Davacı vekili tarafından davalı aleyhine verilen dilekçe ile rücuen tazminat istenmesi üzerine mahkemece yapılan yargılama sonunda davanın kabulüne dair verilen kararın Yargıtayda duruşmalı olarak incelenmesi davalı vekili tarafından istenilmekle daha önceden belirlenen duruşma günü için yapılan tebligat üzerine duruşmalı temyiz eden davalı vekilleri ile karşı taraftan davacı vekili geldiler. Açık duruşmaya başlandı. Süresinde olduğu anlaşılan temyiz dilekçesinin kabulüne karar verildikten ve hazır bulunanların sözlü açıklamaları dinlendikten sonra taraflara duruşmanın bittiği bildirildi. Dosyanın görüşülmesine geçildi.
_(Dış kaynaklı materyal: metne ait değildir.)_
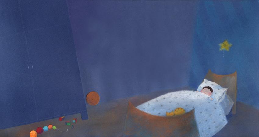 illustration in collage, watercolor and crayons of a boy sleeping in his room with a cat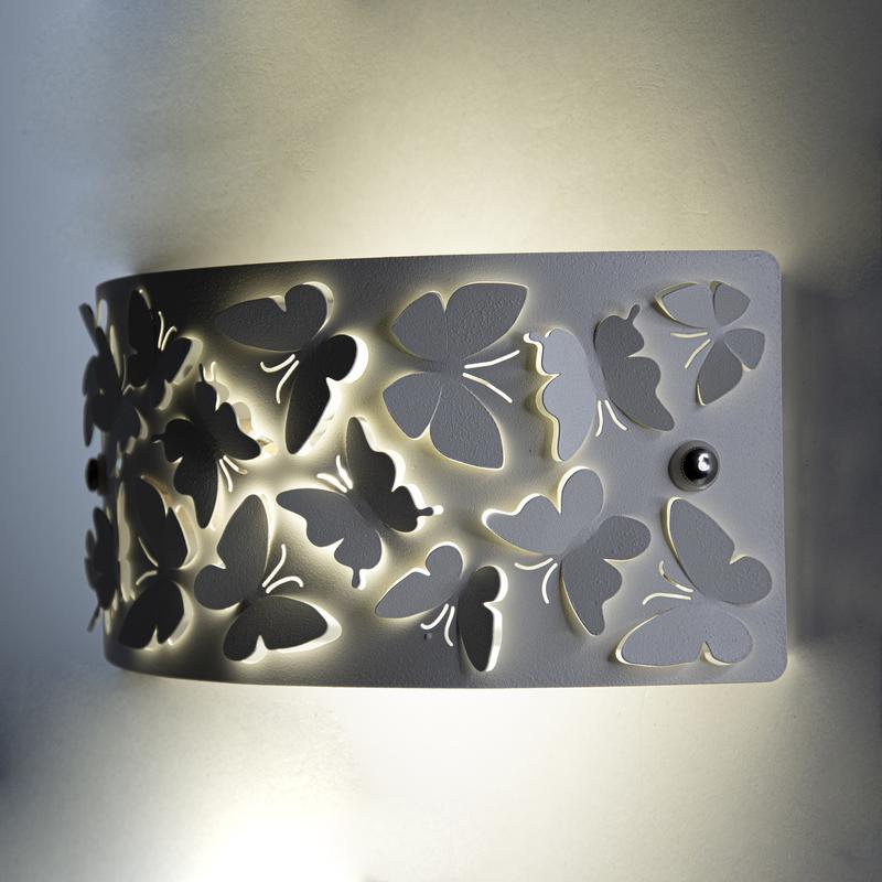 Настенный светильник серии Эффект отлично подойдет для комнаты, оформленной в современном стиле. Резные элементы плафона в форме бабочек подчеркивают воздушность изделия, легко вписываются и в интерьер детской комнаты. Производитель рекомендует использовать лампу накаливания с цоколем E27 мощностью не более 60вт, а также светодиодные или энергосберегающие лампы. Для создания максимального декоративного эффекта можно использовать светодиодные лампочки RGB. Габаритный размер изделия 250x120x72 мм. Рекомендуемая площадь освещения до 3м?. Подключить питание 220 В можно непосредственно к контактам патрона в светильнике либо используя провод с вилкой и выключателем (входит в комплект) Лампочка в комплект не входит.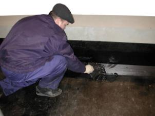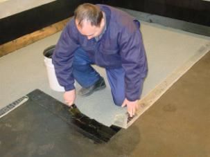 Для оснований из сборных стяжек в местах примыканий к стенам, парапетам, вентиляционным шахтам и другим кровельным конструкциям выполняют наклонные бортики под углом 45º из жесткого минераловатного утеплителя, сечением 100х100. Требования к деревянным основаниям (Из влагостойкой фанеры и плит ОСБ). Листы влагостойкой фанеры должны крепиться к стропильным ногам с помощью ершеных гроздей или саморезами. Торцевые стыки фанерных листов должны закрепляться на стропильной ноге. Перепады между отдельными листами фанеры не должны превышать по высоте 3 мм. Для увеличения срока службы деревянной конструкции рекомендуем обработать деревянные поверхности антисептиком. 5. Укладка материала.Укладка материалов на холодные битумно-полимерные мастики может производится при температуре воздуха выше +5ºС. При температурах воздуха ниже +5ºС работы производят в тепляках. Укладка на влажное или увлажненное основание не допускается. Перед устройством гидроизоляции изолируемая поверхность должна быть сухой. Влажность бетона или цементно-песчаной стяжки в поверхностном слое на глубине 20 мм должна быть не более 4%. Подготовка поверхности бетонного основания, цементно-песчаной и сборной стяжки под укладку материала.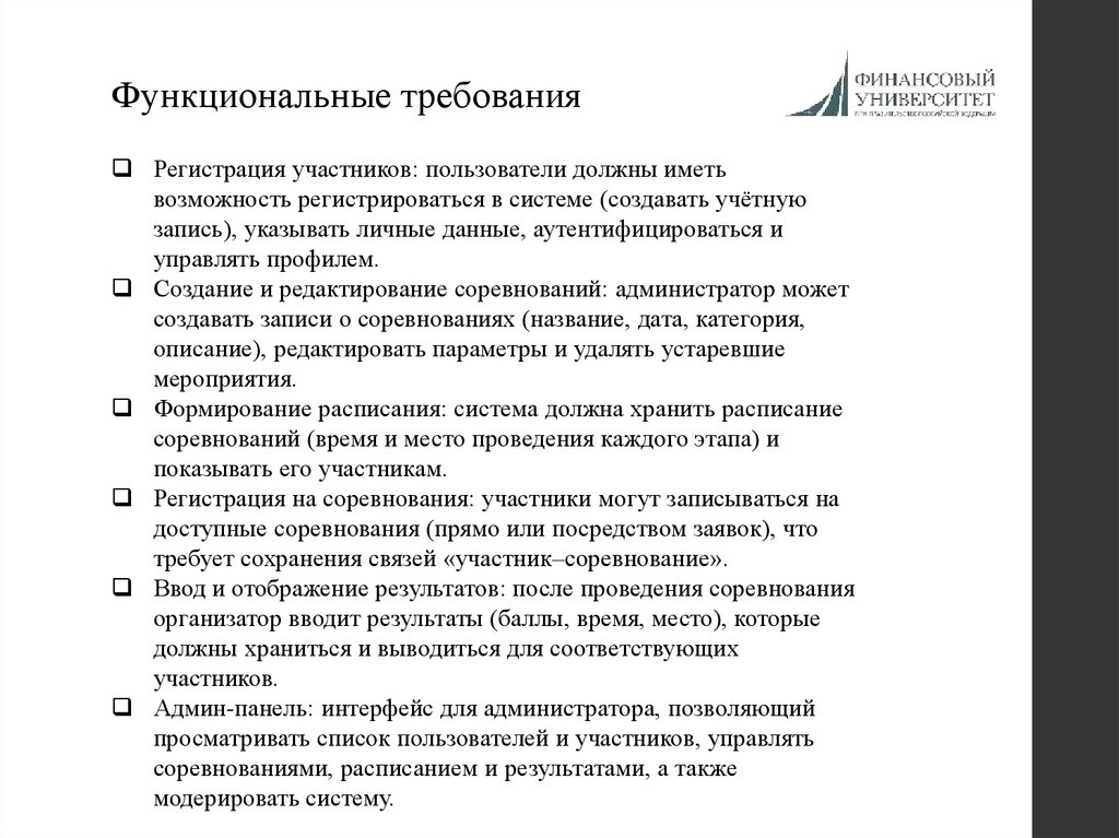 Функциональные требованияРегистрация участников: пользователи должны иметь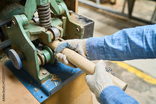 Experienced craftsman teaching young apprentice in a woodworking shop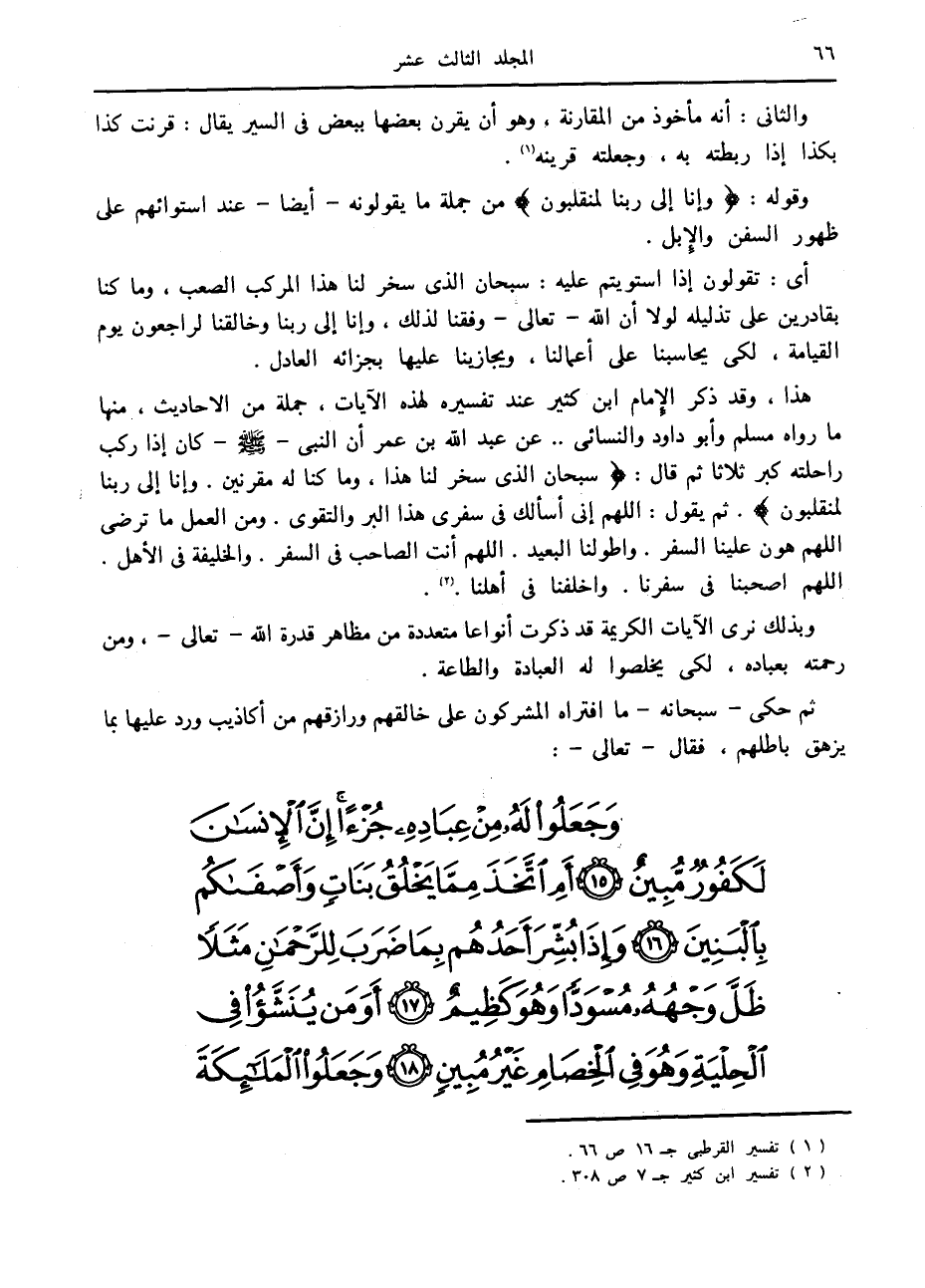 هذا، وقد ذكر الإمام ابن كثير عند تفسيره لهذه الآيات، جملة من الأحاديث، منها ما رواه مسلم وأبو داود والنسائي.. عن عبد الله بن عمر أن النبي صلّى الله عليه وسلّم كان إذا ركب راحلته كبر ثلاثا ثم قال: سُبْحانَ الَّذِي سَخَّرَ لَنا هذا، وَما كُنَّا لَهُ مُقْرِنِينَ. وَإِنَّا إِلى رَبِّنا لَمُنْقَلِبُونَ. ثم يقول: اللهم إنى أسألك في سفري هذا البر والتقوى. ومن العمل ما ترضى اللهم هون علينا السفر. واطولنا البعيد. اللهم أنت الصاحب في السفر. والخليفة في الأهل.

Taraflar arasında yapılan yargılamanın son oturumunda hüküm olarak gerekçeli kararda açıklanacağı gibi tespit edilen tutarın ödeme tarihinden itibaren yasal faiziyle birlikte davalıdan alınarak davacıya verilmesine fazlaya ilişkin talebin reddine karar verilmişken daha sonra yazılan gerekçeli kararda davanın kabulü ile tazminatın ödeme tarihinden itibaren yasal faiziyle birlikte davalıdan alınarak davacıya verilmesine karar verilmiş böylece kısa kararla gerekçeli karar arasında açık bir çelişki ortaya çıkmıştır.
Böyle bir durumun bozma nedeni oluşturacağına ve bozmadan sonra mahkemenin önceki kısa kararla bağlı olmaksızın çelişkiyi giderme koşuluyla vicdani kanaatine göre karar verebileceğine Yargıtay İçtihadı Birleştirme Kurulunca karar verilmiştir.
Mahkemece yapılacak iş önceki kısa kararla bağlı olmaksızın kısa karara uygun olarak gerekçesini yeniden düzenlemek veya gerekçeye uygun nitelikte yeni bir kısa karar oluşturmak ve bu şekilde kısa kararla gerekçeli karar arasındaki çelişkiyi gidermektir.